= Activity =
Repeat the records below exactly as they appear, leaving out any pictures.
--- Records for this task Enclosed Below ---
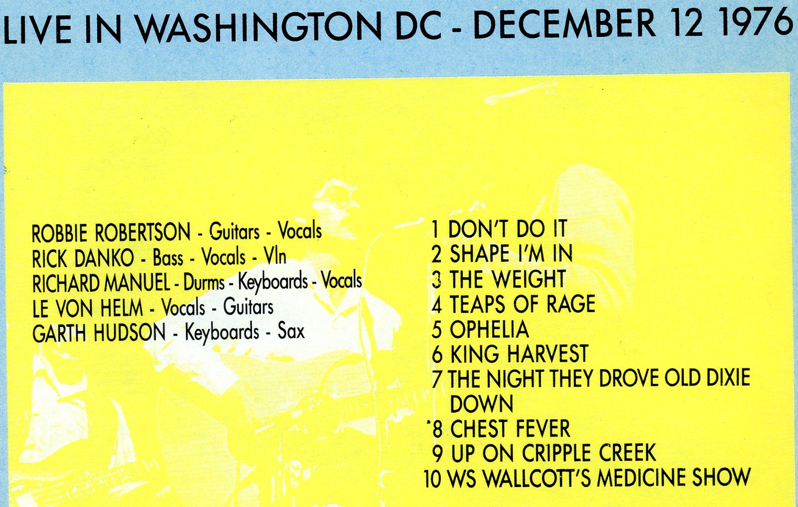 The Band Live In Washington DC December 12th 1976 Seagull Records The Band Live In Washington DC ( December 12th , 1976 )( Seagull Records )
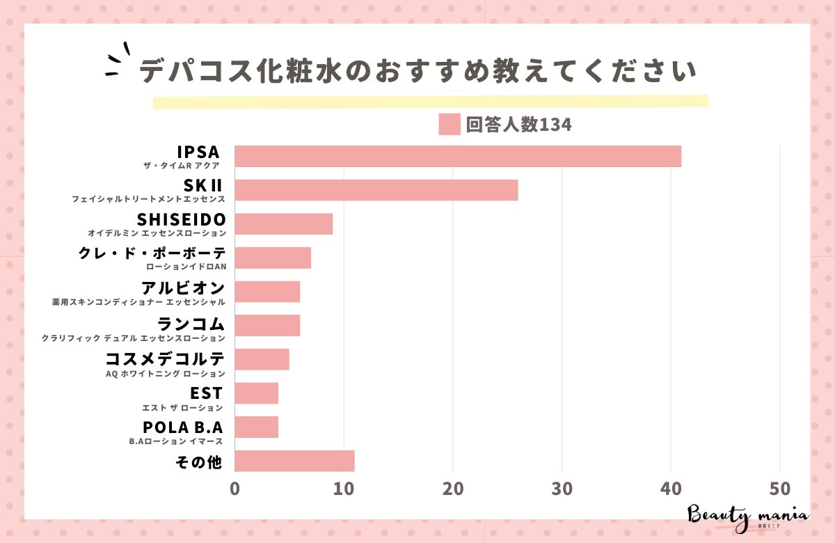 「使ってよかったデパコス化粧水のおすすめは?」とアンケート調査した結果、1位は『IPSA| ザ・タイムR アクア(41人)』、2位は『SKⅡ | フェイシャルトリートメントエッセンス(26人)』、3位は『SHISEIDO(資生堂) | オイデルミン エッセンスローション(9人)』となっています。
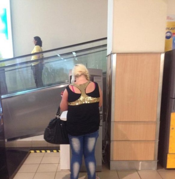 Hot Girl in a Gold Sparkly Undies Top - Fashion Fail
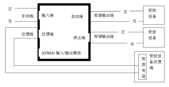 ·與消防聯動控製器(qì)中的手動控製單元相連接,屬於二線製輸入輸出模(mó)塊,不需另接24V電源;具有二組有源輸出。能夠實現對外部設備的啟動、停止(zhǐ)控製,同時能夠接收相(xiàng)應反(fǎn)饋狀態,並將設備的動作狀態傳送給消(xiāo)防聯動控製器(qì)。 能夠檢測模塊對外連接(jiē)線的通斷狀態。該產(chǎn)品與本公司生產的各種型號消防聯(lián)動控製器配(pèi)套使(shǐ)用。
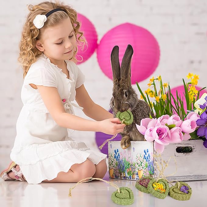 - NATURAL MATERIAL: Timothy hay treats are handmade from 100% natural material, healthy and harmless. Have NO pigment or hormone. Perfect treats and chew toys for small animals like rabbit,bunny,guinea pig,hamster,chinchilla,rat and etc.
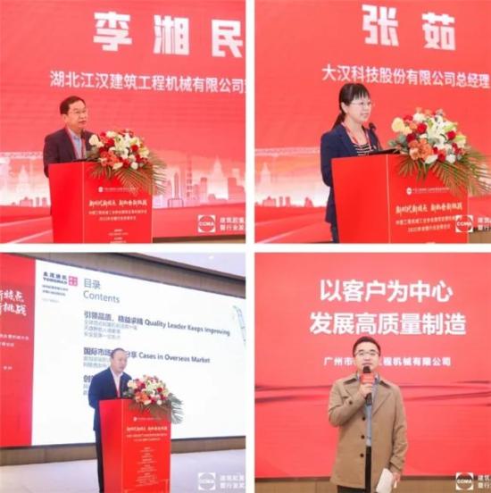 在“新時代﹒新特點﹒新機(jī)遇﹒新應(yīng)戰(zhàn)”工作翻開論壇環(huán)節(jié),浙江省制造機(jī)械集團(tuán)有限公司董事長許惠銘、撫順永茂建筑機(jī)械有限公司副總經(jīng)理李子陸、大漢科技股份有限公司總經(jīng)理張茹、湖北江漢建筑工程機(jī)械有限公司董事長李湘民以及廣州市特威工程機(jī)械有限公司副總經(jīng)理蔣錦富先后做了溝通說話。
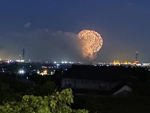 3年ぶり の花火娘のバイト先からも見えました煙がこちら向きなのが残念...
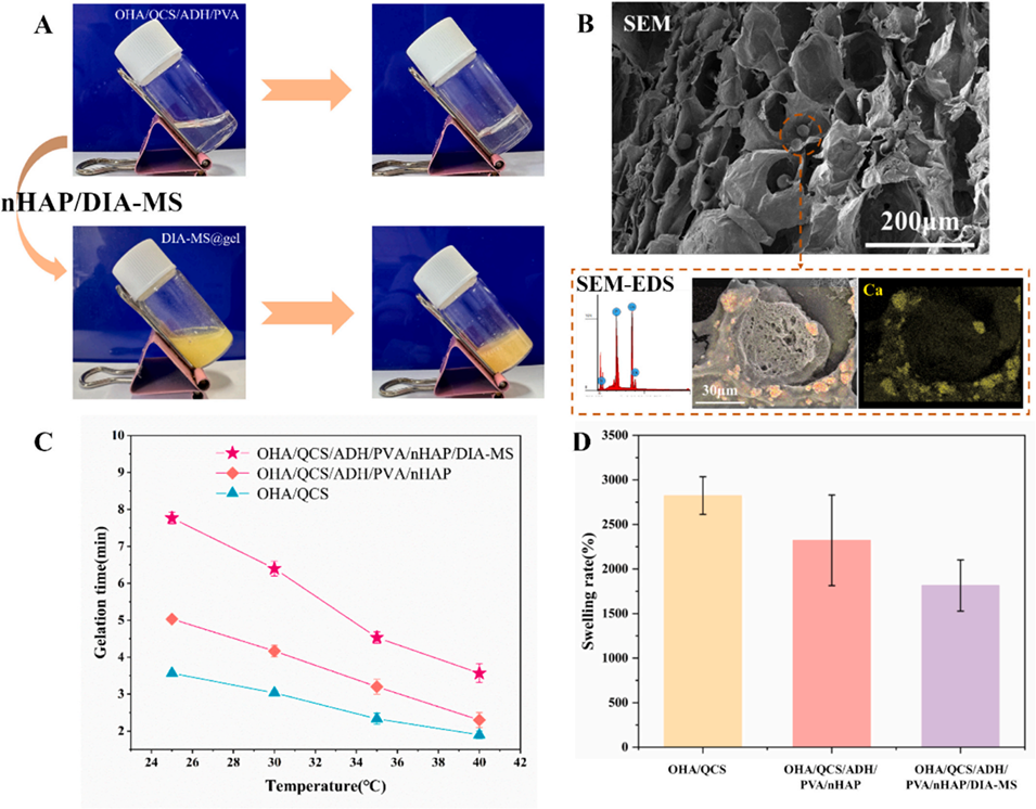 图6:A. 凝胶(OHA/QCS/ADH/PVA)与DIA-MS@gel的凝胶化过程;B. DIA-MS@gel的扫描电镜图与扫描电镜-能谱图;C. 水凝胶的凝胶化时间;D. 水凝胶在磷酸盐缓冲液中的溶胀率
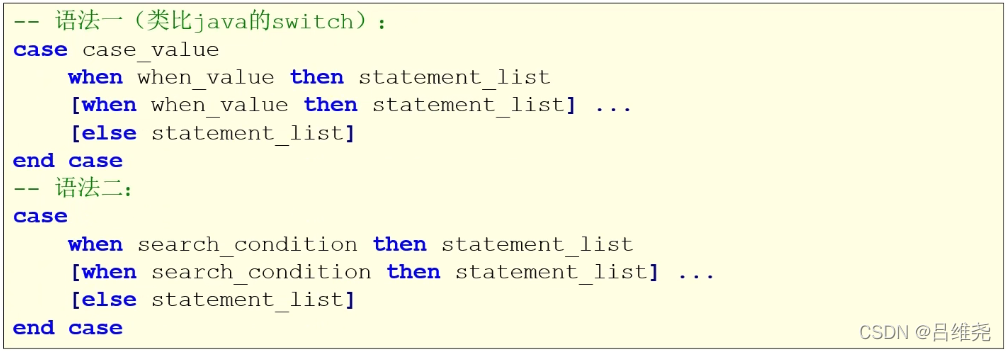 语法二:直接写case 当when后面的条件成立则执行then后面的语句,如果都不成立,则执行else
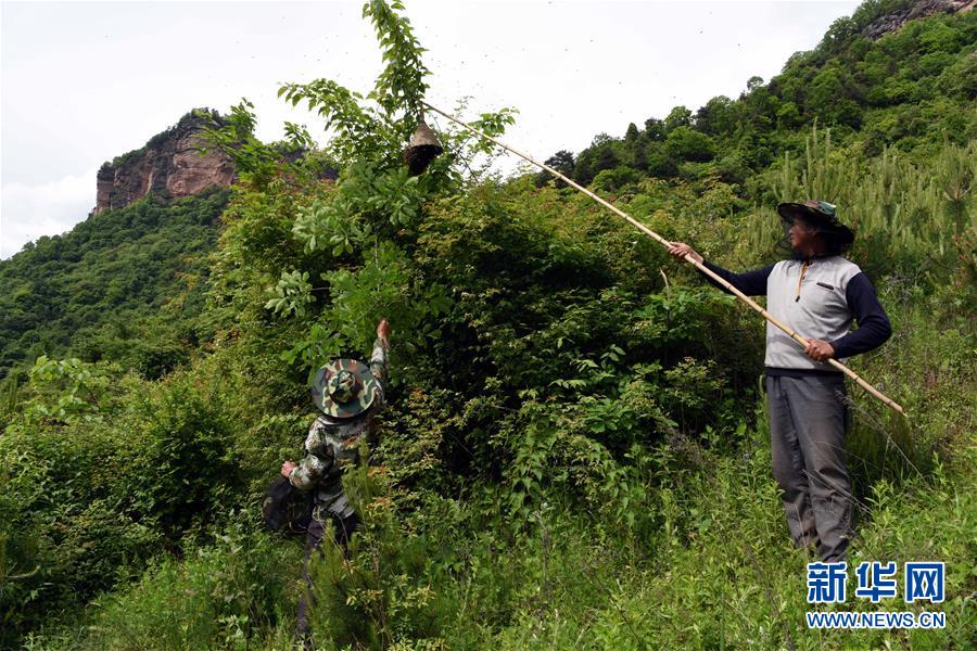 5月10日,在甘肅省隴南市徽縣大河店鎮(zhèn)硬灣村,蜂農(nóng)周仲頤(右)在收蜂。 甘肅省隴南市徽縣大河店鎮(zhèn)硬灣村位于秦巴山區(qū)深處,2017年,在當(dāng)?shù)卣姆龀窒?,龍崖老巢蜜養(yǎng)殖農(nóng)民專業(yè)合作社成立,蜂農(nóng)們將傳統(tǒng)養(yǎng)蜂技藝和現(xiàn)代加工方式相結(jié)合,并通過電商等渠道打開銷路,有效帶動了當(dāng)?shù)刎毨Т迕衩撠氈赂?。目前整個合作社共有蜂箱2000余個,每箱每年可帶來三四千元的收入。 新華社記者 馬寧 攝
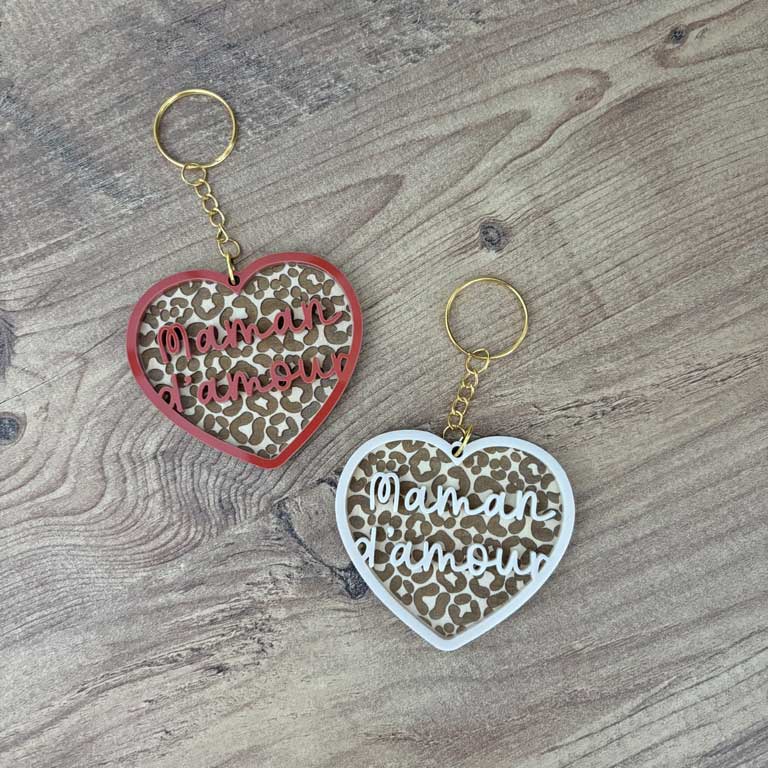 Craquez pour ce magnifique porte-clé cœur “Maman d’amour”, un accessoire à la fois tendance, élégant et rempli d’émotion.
--- End of Enclosed Records for this task ---
= Response to the task =
 The Band Live In Washington DC December 12th 1976 Seagull Records The Band Live In Washington DC ( December 12th , 1976 )( Seagull Records )
 「使ってよかったデパコス化粧水のおすすめは?」とアンケート調査した結果、1位は『IPSA| ザ・タイムR アクア(41人)』、2位は『SKⅡ | フェイシャルトリートメントエッセンス(26人)』、3位は『SHISEIDO(資生堂) | オイデルミン エッセンスローション(9人)』となっています。
 Hot Girl in a Gold Sparkly Undies Top - Fashion Fail
 ·與消防聯動控製器(qì)中的手動控製單元相連接,屬於二線製輸入輸出模(mó)塊,不需另接24V電源;具有二組有源輸出。能夠實現對外部設備的啟動、停止(zhǐ)控製,同時能夠接收相(xiàng)應反(fǎn)饋狀態,並將設備的動作狀態傳送給消(xiāo)防聯動控製器(qì)。 能夠檢測模塊對外連接(jiē)線的通斷狀態。該產(chǎn)品與本公司生產的各種型號消防聯(lián)動控製器配(pèi)套使(shǐ)用。
 - NATURAL MATERIAL: Timothy hay treats are handmade from 100% natural material, healthy and harmless. Have NO pigment or hormone. Perfect treats and chew toys for small animals like rabbit,bunny,guinea pig,hamster,chinchilla,rat and etc.
 在“新時代﹒新特點﹒新機(jī)遇﹒新應(yīng)戰(zhàn)”工作翻開論壇環(huán)節(jié),浙江省制造機(jī)械集團(tuán)有限公司董事長許惠銘、撫順永茂建筑機(jī)械有限公司副總經(jīng)理李子陸、大漢科技股份有限公司總經(jīng)理張茹、湖北江漢建筑工程機(jī)械有限公司董事長李湘民以及廣州市特威工程機(jī)械有限公司副總經(jīng)理蔣錦富先后做了溝通說話。
 3年ぶり の花火娘のバイト先からも見えました煙がこちら向きなのが残念...
 图6:A. 凝胶(OHA/QCS/ADH/PVA)与DIA-MS@gel的凝胶化过程;B. DIA-MS@gel的扫描电镜图与扫描电镜-能谱图;C. 水凝胶的凝胶化时间;D. 水凝胶在磷酸盐缓冲液中的溶胀率
 语法二:直接写case 当when后面的条件成立则执行then后面的语句,如果都不成立,则执行else
 5月10日,在甘肅省隴南市徽縣大河店鎮(zhèn)硬灣村,蜂農(nóng)周仲頤(右)在收蜂。 甘肅省隴南市徽縣大河店鎮(zhèn)硬灣村位于秦巴山區(qū)深處,2017年,在當(dāng)?shù)卣姆龀窒?,龍崖老巢蜜養(yǎng)殖農(nóng)民專業(yè)合作社成立,蜂農(nóng)們將傳統(tǒng)養(yǎng)蜂技藝和現(xiàn)代加工方式相結(jié)合,并通過電商等渠道打開銷路,有效帶動了當(dāng)?shù)刎毨Т迕衩撠氈赂?。目前整個合作社共有蜂箱2000余個,每箱每年可帶來三四千元的收入。 新華社記者 馬寧 攝
 Craquez pour ce magnifique porte-clé cœur “Maman d’amour”, un accessoire à la fois tendance, élégant et rempli d’émotion.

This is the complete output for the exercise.